No one likes to feel alone. Human beings are programmed to work in groups most of the time, and community is a big aspect of good health and happiness. In the past, this was perhaps more obvious, but even today, when we are disconnected in many ways, we are still connected to others, often thanks to technology.
Another self-care problem is this feeling of being alone. If you feel as though you’re the only one who wants or needs to do something, it can be hard to do it – the guilt we mentioned earlier will often set in, plus you might not know who to go to for advice. Again, you won’t want to feel weak.
It’s crucial to know you’re not actually alone when it comes to self-care. Everyone should do it, and you might be surprised to learn that a great number of your colleagues have some kind of self-care in place. This might be reading every day, listening to music or a podcast, taking a long soak in the bath, watching the sunset or sunrise, or anything else. Something that can help you understand this is to look for groups to join. If you’re a Christian nurse, there might be a prayer group for you to be a part of. If you love reading, perhaps there is a book club, or perhaps you could start one. Maybe aromatherapy is your favorite way to unwind; ask your colleagues if they have ever tried it. Knowing you’re not alone means the fear that you’re doing something that you shouldn’t be will disappear and you can truly enjoy your moments of self-care, no matter how brief they might be.
Often it is the psychological effects of the idea of self-care that can be so problematic rather than the fact that a nurse might not have a lot of time to practice this kind of positive work for themselves.
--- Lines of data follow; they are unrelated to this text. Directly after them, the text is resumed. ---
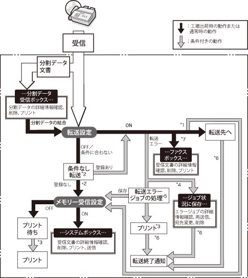 *1 [転送設定]で<受信ファイルの保存/プリント>を「ON」にすると、転送した文書はプリントされるか、システムボックスに保存されます。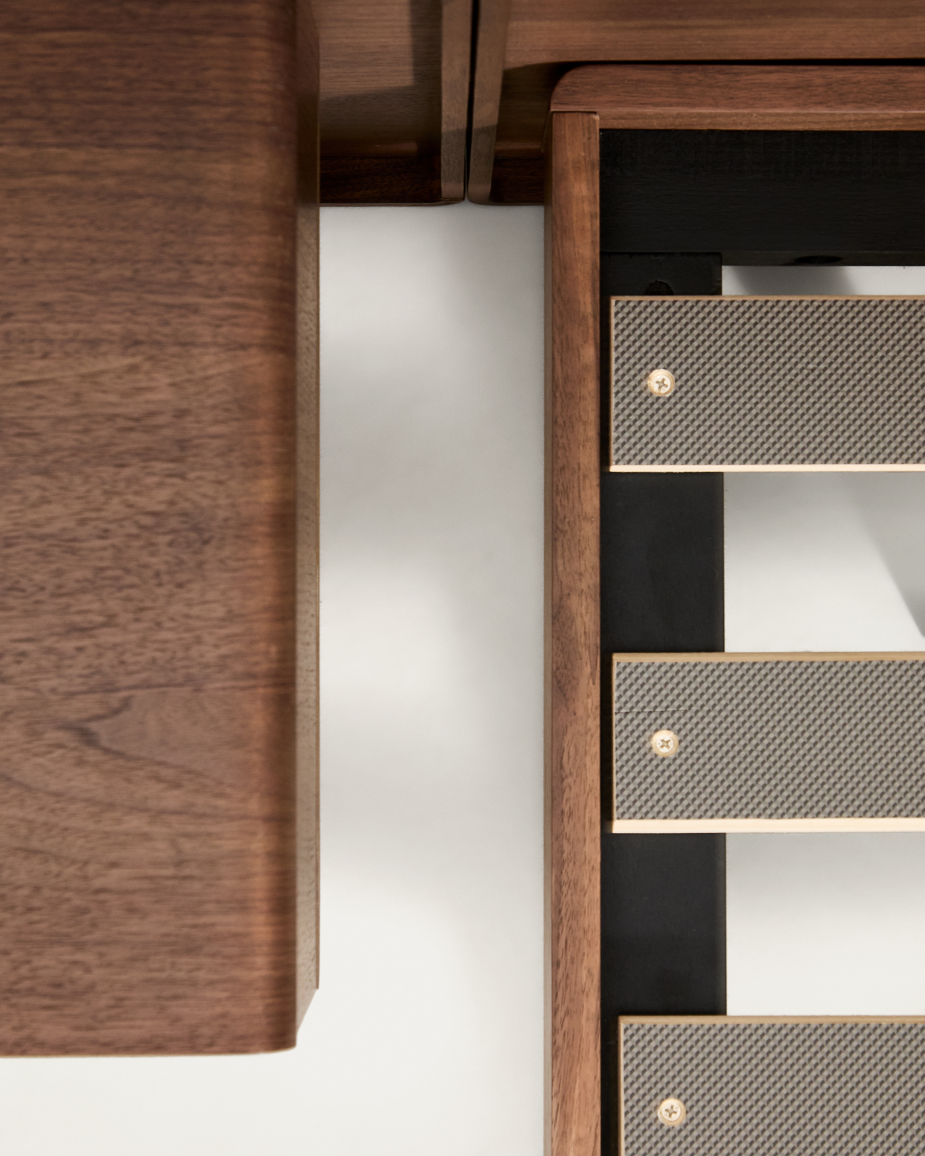 Fő anyag: 38% MDF (közepes sűrűségű farostlemez), 37% rétegelt lemez, 23% nyírfa (Betula costata), 1% bükkfa (Fagus sylvatica), 1% dió furnér (Juglans nigra)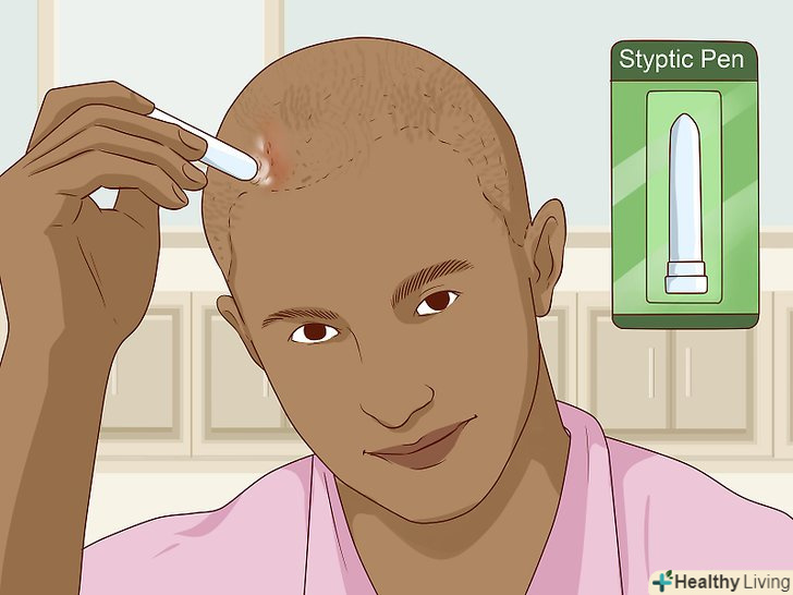 Обробіть порізи і пошкодження кровоспинним олівцем або брикетом квасцов. огляньте голову на предмет слідів крові. Помітивши поріз або пошкодження, обробіть його кровоспинним олівцем або брикетом квасцов. Це дозволить зупинити кров і продезінфікувати ранку. [19]- Кровоспинний олівець і галун в брикетах можна придбати в аптеці або через Інтернет-магазини.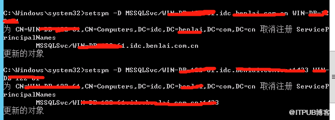 删除新节点上的 两个以MSSQLSvc打头的SPN,命令是setspn -D SPN_name Server03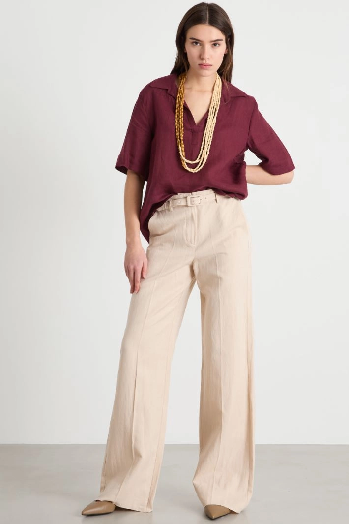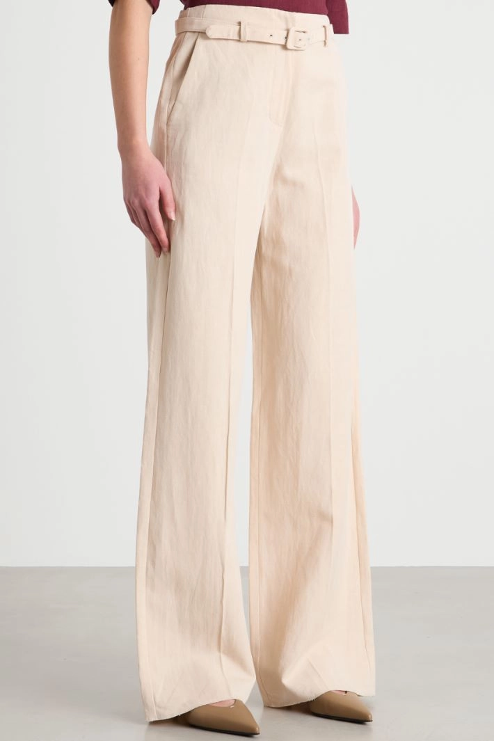 Wide-leg trousers in a linen and cotton-blend slub twill, featuring front pleats, French pockets and faux welt pockets on the back. Fastening with a hook-and-bar, zip and belt.

A lot of the time, it can feel as though taking the time for self-care is a sign of weakness; it’s something that people who are experiencing mental health problems have to do, or those who are getting older and are no longer as fit as they once were. It’s something that denotes an issue in life, either mentally or physically, and that’s not something many people want to admit.
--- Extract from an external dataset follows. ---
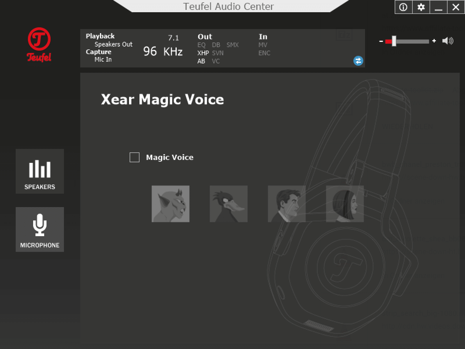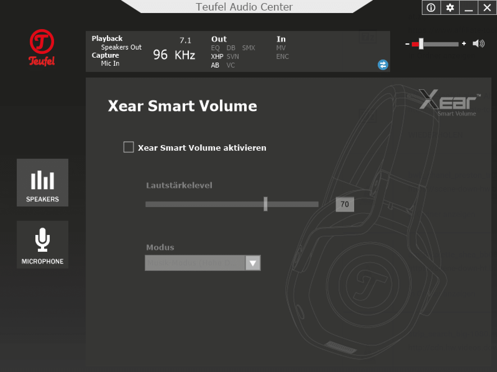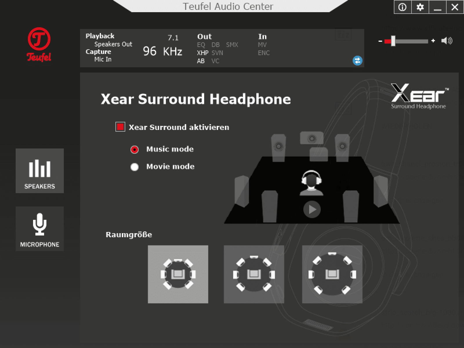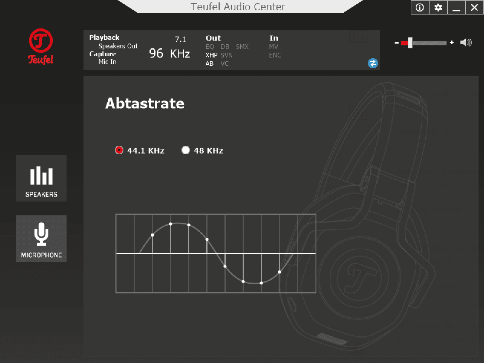 Bei der Soundqualität des Teufel Cage muss zwischen USB und Klinke differenziert werden. Am PC per USB kann zusätzlich das Teufel Audio Center genutzt werden. Hier setzt Teufel auf Software der Firma Xear. Neben einem Equalizier kann ebenso die Abtastrate eingestellt werden. Durch Xear Surround Headphone, Xear Audio Brilliant, Xear Dynamic Bass, Xear Smart Volume, Xear Voice Clarity sowie Xear Surround Max soll der Sound weiter verbessert werden. Nicht alle Funktionen würde ich als Verbesserung bezeichnen, besonders lohnenswert sind Xear Surround Headphone (für virtuellen Raumklang) und Xear Audio Brilliant. Hier sollte jeder selber ausprobieren, welches Feature aktiv sein soll. Der Raumklang sorgt zwar für einen besseren Sound, verhilft jedoch nicht unbedingt zu einer besseren Gegnerortung.

The truth is very different. The truth is that without self-care, mental and physical health problems can occur, rather than the other way around. It can be hard to get into this kind of mindset for a lot of people, and it is certainly a barrier, but in this case, it should actually be an easier one for a nurse to get past. After all, don’t nurses encourage their patients to rest and take care of themselves to promote healing? Don’t they help to create exercise and diet plans to keep people healthy? If this is the case for your patients, why should it not be the same for you? The fact is, it is exactly the same, and if you would ask your patients to practice self-care to keep themselves healthy, it makes sense that you would do the same.